Over My Dead Body (; lit. "Return of the Corpse") is a 2012 South Korean comic heist film, starring Lee Beom-soo, Ryoo Seung-bum and Kim Ok-bin. The plot centers on a biotech researcher, a woman whose father was murdered, and a man attempting to commit insurance fraud whose lives get tied up in the case of a stolen semiconductor chip and a missing corpse.

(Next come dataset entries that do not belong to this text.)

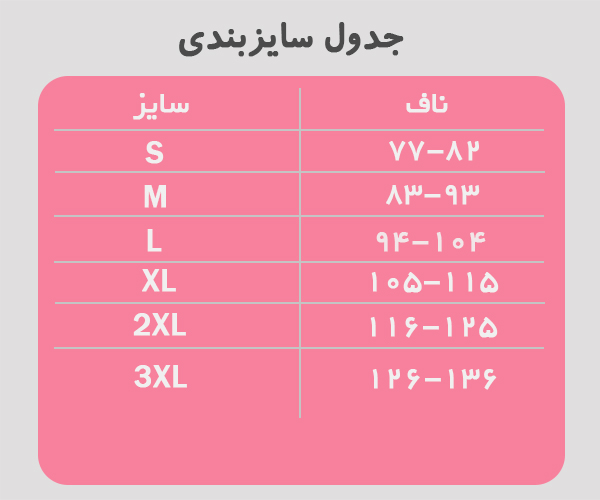 جدول سایزبندی: برای راحتی شما، ما یک جدول سایزبندی دقیق ارائه میدهیم تا بتوانید با اندازه دور شکم خود، بهترین سایز را انتخاب کنید. این جدول شامل دامنههای اندازهگیری از سایز اسمال تا سه ایکس لارج است.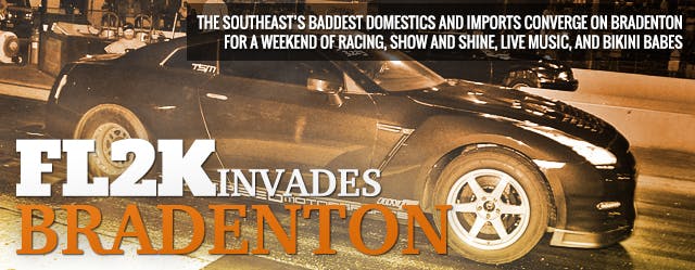 One of Florida’s biggest automotive events, the annual FL2K2015, invaded the Bradenton Motorsports Park the weekend of October 9-10. The event kicked off on Sunday afternoon as the skies cleared following rain showers on Saturday. The Bradenton staff did an excellent job preparing the racing surface for the event, despite the troublesome weather. But this isn’t just a race — it’s a lifestyle event that culminates with a a car show, bikini contest, a DJ spinning music throughout the weekend, import and domestic cars and car enthusiasts, various manufacturers, and head-to-head drag racing. Now in it’s third year, the attendance at FL2K has grown significantly, and brings out many of the baddest cars in the Southeast to battle it out.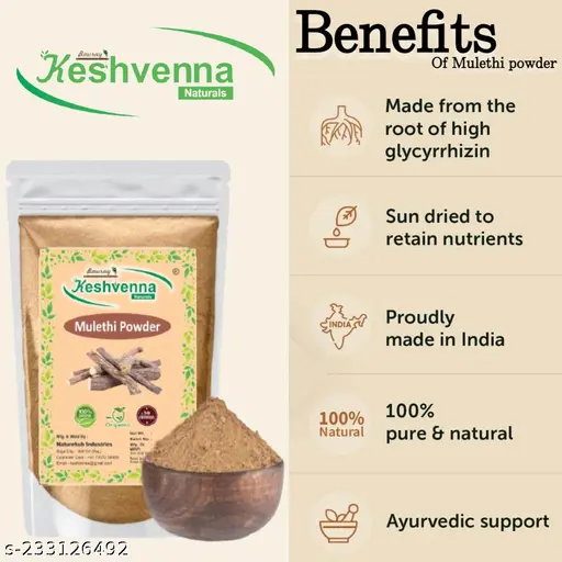 Product Name : Keshvenna Naturals 100% organic Mulethi – Yashtimadhu – Licorice – Glycyrrhiza Glabra powder, For Skin Whitening, Licorice Powder For Body, Skin and Hair -400gm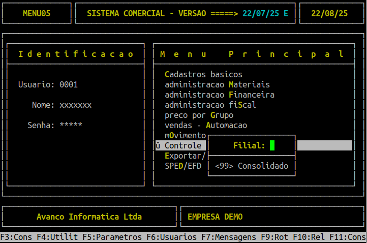 Caso possuir mais de uma loja configurada no cadastro de usuário, o sistema exibirá a janela de Filial, no qual deverá informar o número da loja que deseja gerar a produção individual.
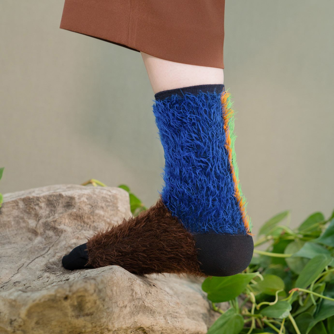 COQ's forest is visited by a variety of birds from the northern regions. These socks are inspired by these adorable birds that bring joy to the morning, featuring bright color transitions. The voluminous fur and point color line are characteristic features. The reversible design allows for use on both the front and back sides. Enjoy coordinating with the color of your shoes, such as sneakers.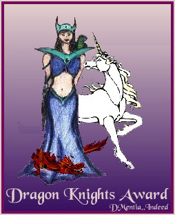 The Dragon Spirit award comes to the Sanctuary from SpiritWolf. They said "You have done a great job with your pages... it shows that you care how your work comes across... I love how your pages come together... Thanks for the nice tour around." Thankyou and you're welcome! This wonderful award comes directly from Ocelot and this is what (among other things) she had to say: "I visited your site and I noticed I'm on your link list multiple times. Thanx! I really appreciate it. Your site is very well done and I'd love to give you an award, course thats means I'll have to get of my butt.... wait no I wont... it just means I have to make one. *goes to program and makes award*" The pleasure's all mine Ocelot! ::smiles:: This amazing award comes from DragginMama, wanna know what she had to say? 'Tis pleased I am to present thee with DragginMama's "Special Golden Award of Excellence"! Zounds!! What a magnificent kingdom thou hast created! Most impressive indeed! Well Done M'Lady! Thankyou beyond all Dragginmama! Another award from DragginMama!! She sent this specially and wrote this: You've truly touched this Draconian heart. So much so that I just had to create an even more grand award for thee. Thus . . .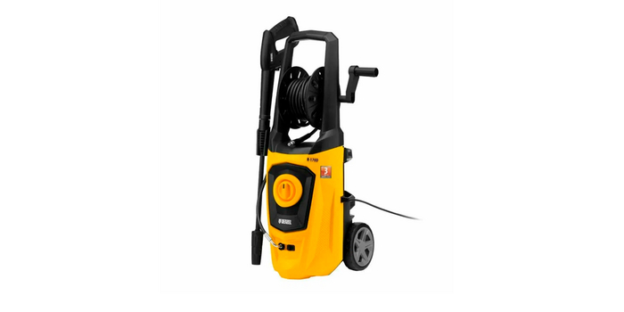 На четвертой строчке рейтинга стоит DAEWOO DAW 550 – мойка высокого давления повышенной мощности и производительности. Она выполнена в эргономичном дизайне, оборудована катушкой для наматывания шланга, длина которого составляет 8 м. Алюминиевая помпа создает высокое давление до 180 бар и скорость потока в 550 л/час, — это один из лучших показателей рейтинга.
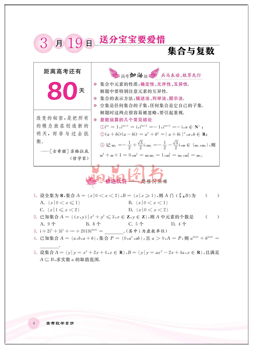 高考数学日历 2019浙大数学优辅倪嘉礼龚雷何龙泉高考数学高中数学高二高三考前冲刺高考倒计时高考日历小题狂练新高考全国浙江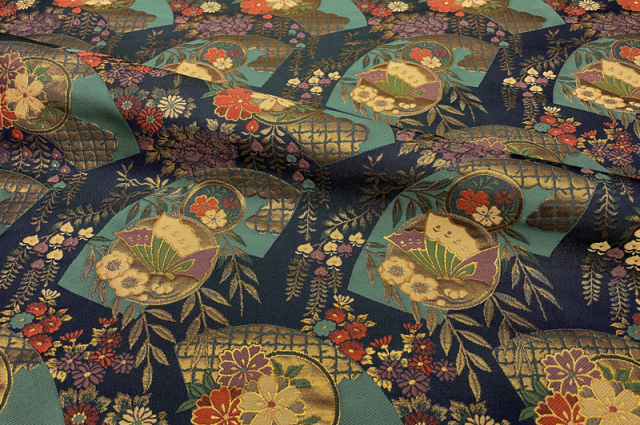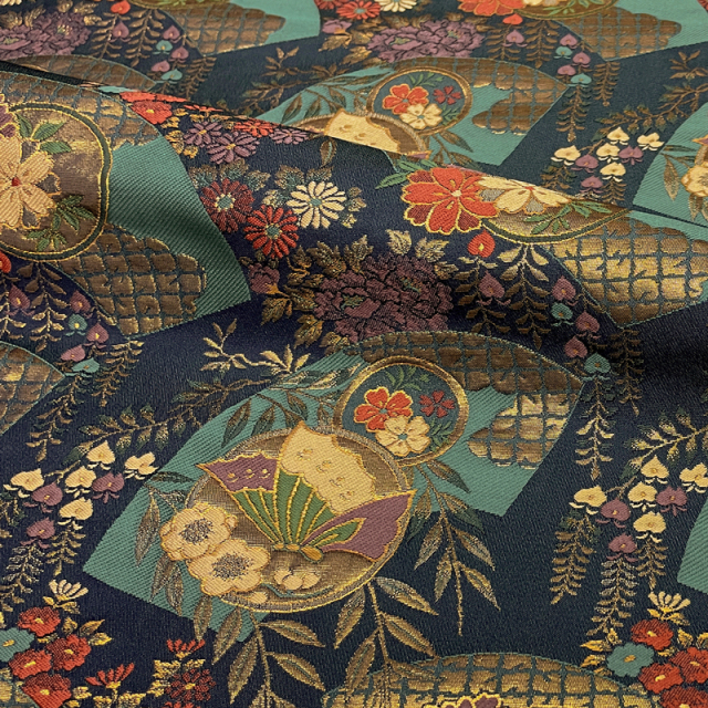 京都西陣織・金襴生地 地紙蝶文(鉄紺)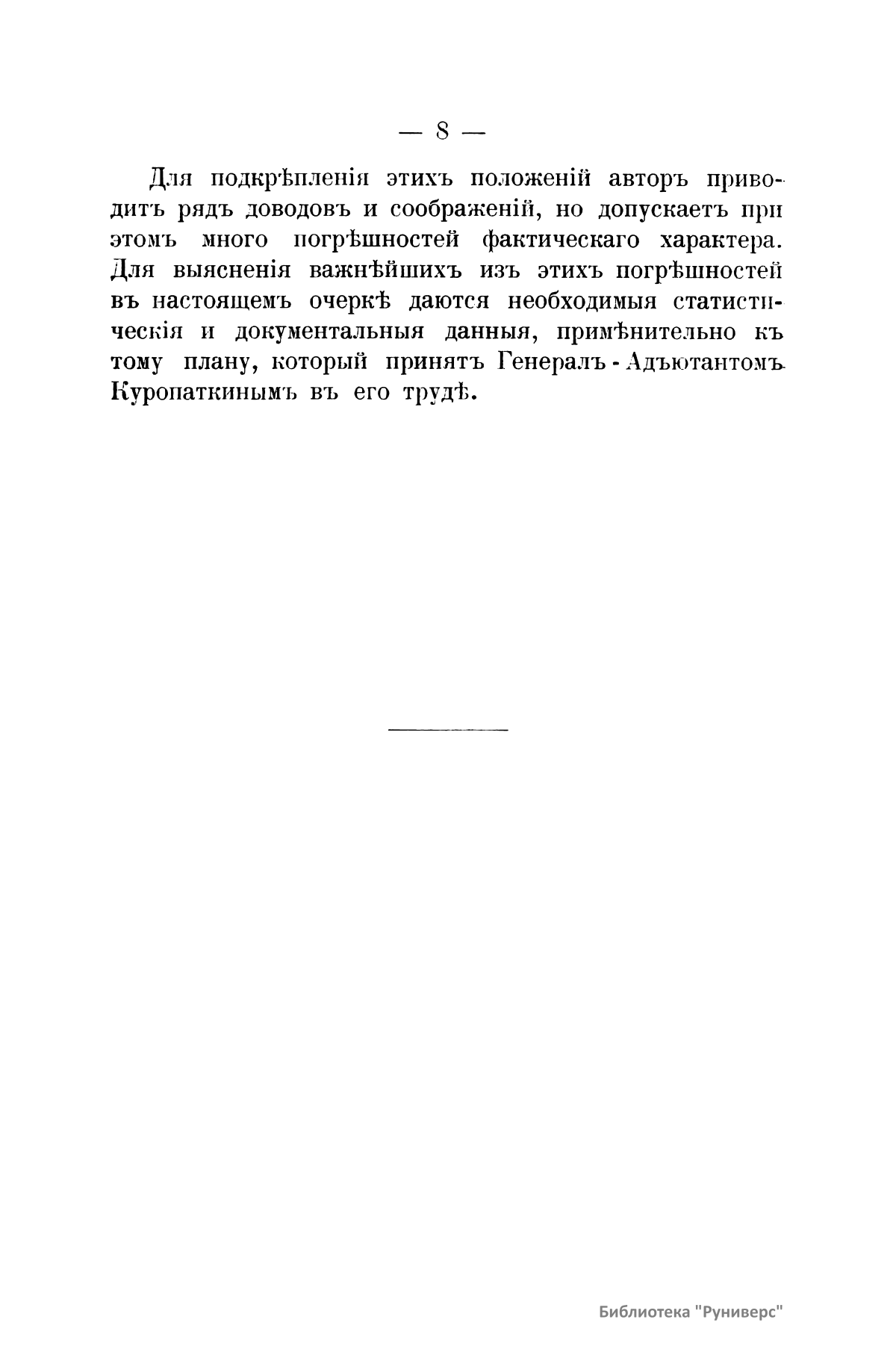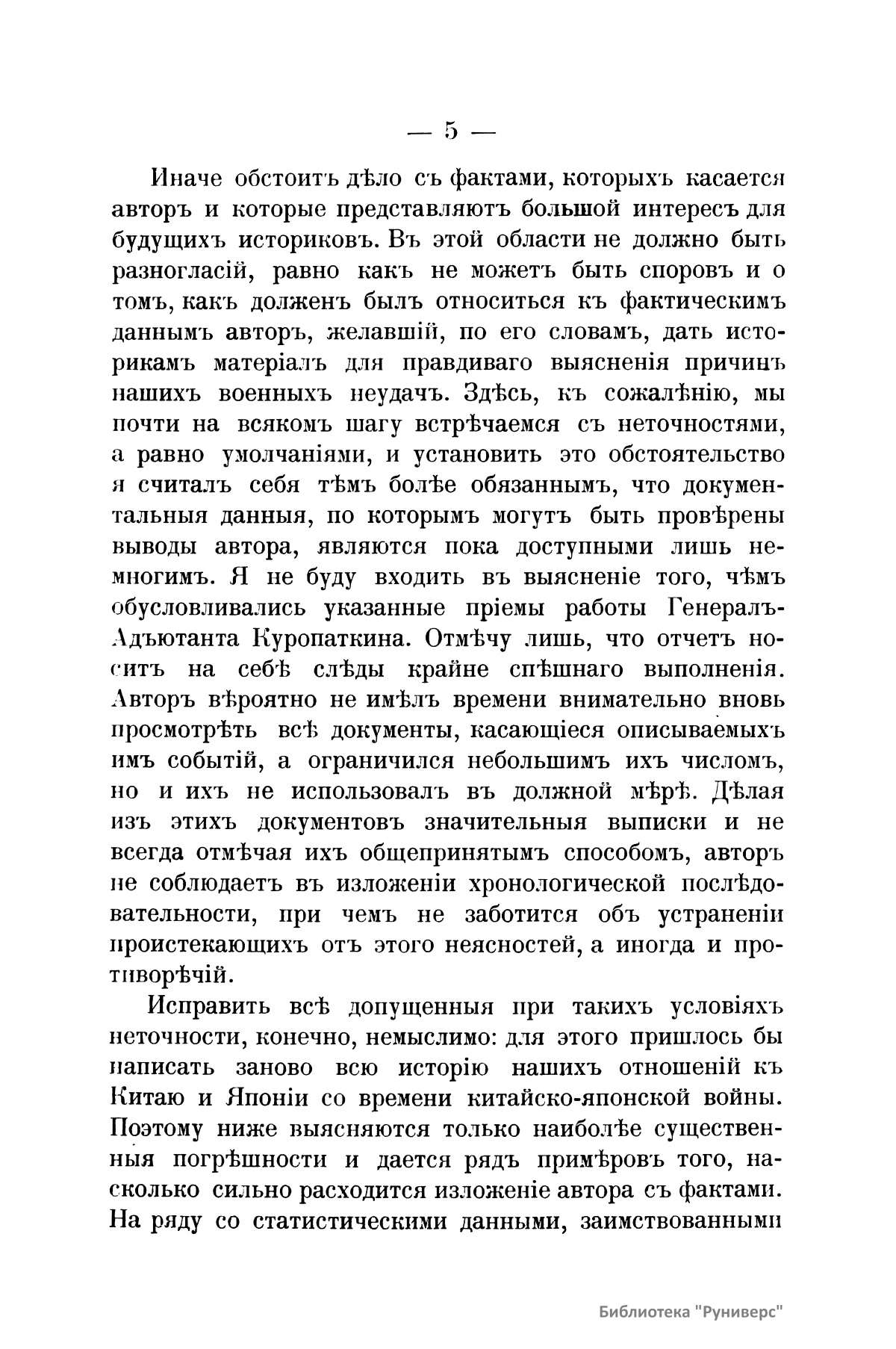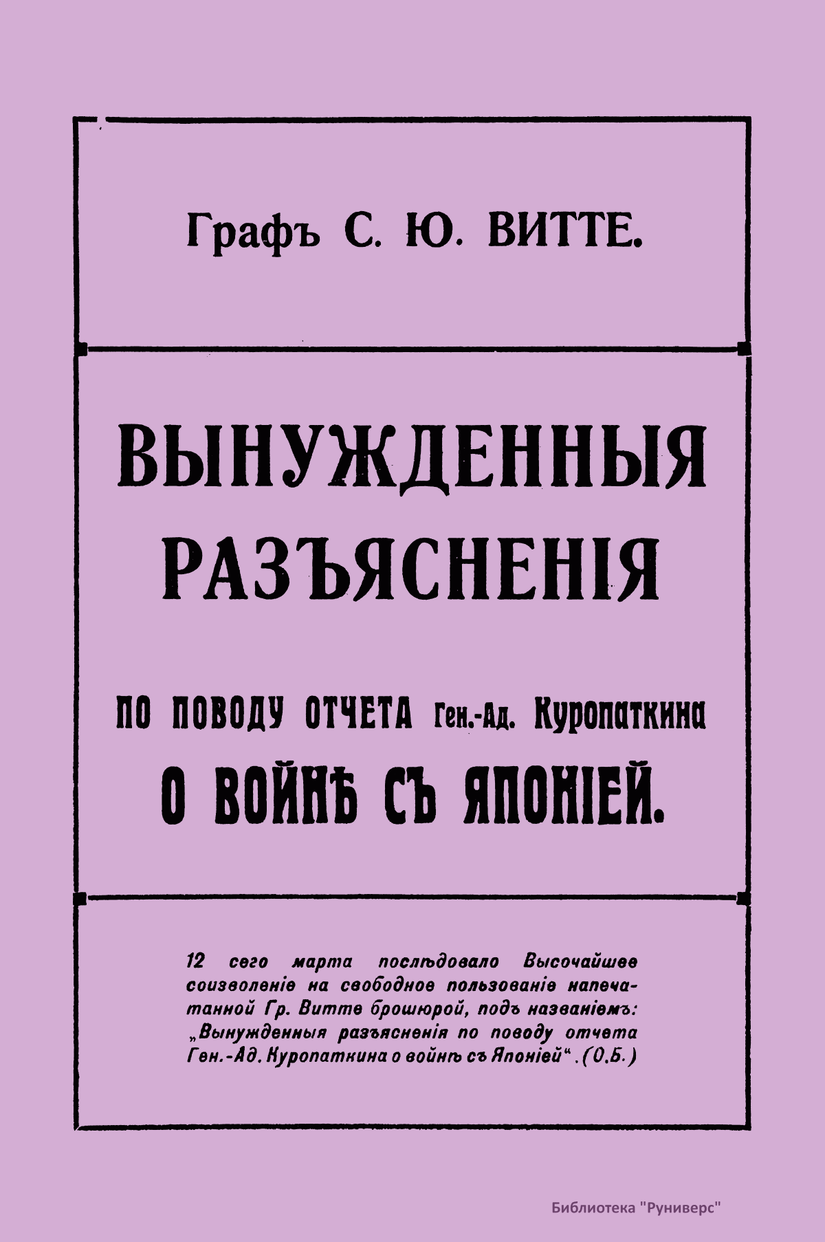 В книге русский государственный деятель Витте С.Ю. полемизирует с генерал-адъютантом Куропаткиным по поводу отчета последнего о русско-японской войне 1904 – 1905 гг. Военный министр и главнокомандующий всеми вооруженными силами, действовавшими против Японии, генерал-адъютант Куропаткин в 1906 г. издал отчет о войне в четырех томах. Первые три тома посвящены сражениям: под Ляояном, на р. Шахе, под Мукденом. В четвертом томе подведены итоги войны. Именно четвертый том Витте выбрал объектом своего исследования, так как, по его мнению, именно в нем содержатся неправильные выводы и предположения. Витте считает их односторонними и даже пристрастными. Автор не стремится исправить все допущенные ошибки, а выясняет наиболее существенные погрешности и дает ряд примеров того, насколько сильно расходится изложения автора с фактами. Русско-японская война 1904 – 1905 гг. – война за контроль в Северо-Восточном Китае и Корее. Начата Японией. Основные события 1904 г.: нападение японского флота на Порт-Артур, оборона Порт-Артура, неудачные для России сражения на р. Ялу, Ляоянское, на р. Шахе. Основные события 1905 г.: поражение русской армии при Мукдене, флота – при Цусиме. Война завершилась Портсмутским мирным договором, зафиксировавшим уступку Россией Японии южной части Сахалина и своих арендных прав на Ляодунский полуостров и Южно-Маньчжурскую железную дорогу.

Released on March 29, 2012, the film sold 985,178 tickets in total.

Plot
Baek Hyun-chul (Lee Beom-soo) is a biotech scientist researching the cure for skin cancer. Deciding to shut the lab and sell Hyun-chul's work overseas, the head of the pharmaceutical conglomerate, Kim Taek-soo, sends Steve Jung and his gang to force the lab to shut down and take the research. Hyun-chul's colleague Han Jin-soo protests the decision, and is later involved in a hit-and-run accident and falls into a vegetative state.
 
Taek-soo is also betrayed and murdered by Steve, little knowing the research is on a microchip planted inside his body. Driven by vengeance, Hyun-chul and Jin-soo's pink-haired daughter Dong-hwa (Kim Ok-bin) plot to steal Taek-soo's body to pay for Jin-soo's hospital bills. However the body they escape from the morgue with isn't Taek-soo's but that of Ahn Jin-oh (Ryoo Seung-bum), a man who faked his death in order to hide from loan sharks. Believing Taek-soo's body has been stolen, Steve and his gang begin a hunt for Hyun-chul and Dong-hwa to recover the precious microchip.

Cast
Lee Beom-soo - Baek Hyun-chul 
Ryoo Seung-bum - Ahn Jin-oh  
Kim Ok-bin - Han Dong-hwa 
Yoo Da-in - NIS agent Jang Ha-yeon
Jung Man-sik - Steve Jung 
Shin Jung-geun - Team leader Jo
Go Chang-seok - Sung-koo 
Oh Jung-se - Myung-kwan 
Bae Jeong-nam  - Jong-moo 
Jung In-gi - Han Jin-soo

Production
When director Woo Seon-ho was at his maternal grandfather's funeral, he wondered what would happen if his grandfather's dead body suddenly disappeared. This unusual and dark thought inspired his debut feature film, Over My Dead Body. He had previously won the comedy award at the 4th Mise-en-scène Short Film Festival for My Really Big Mike.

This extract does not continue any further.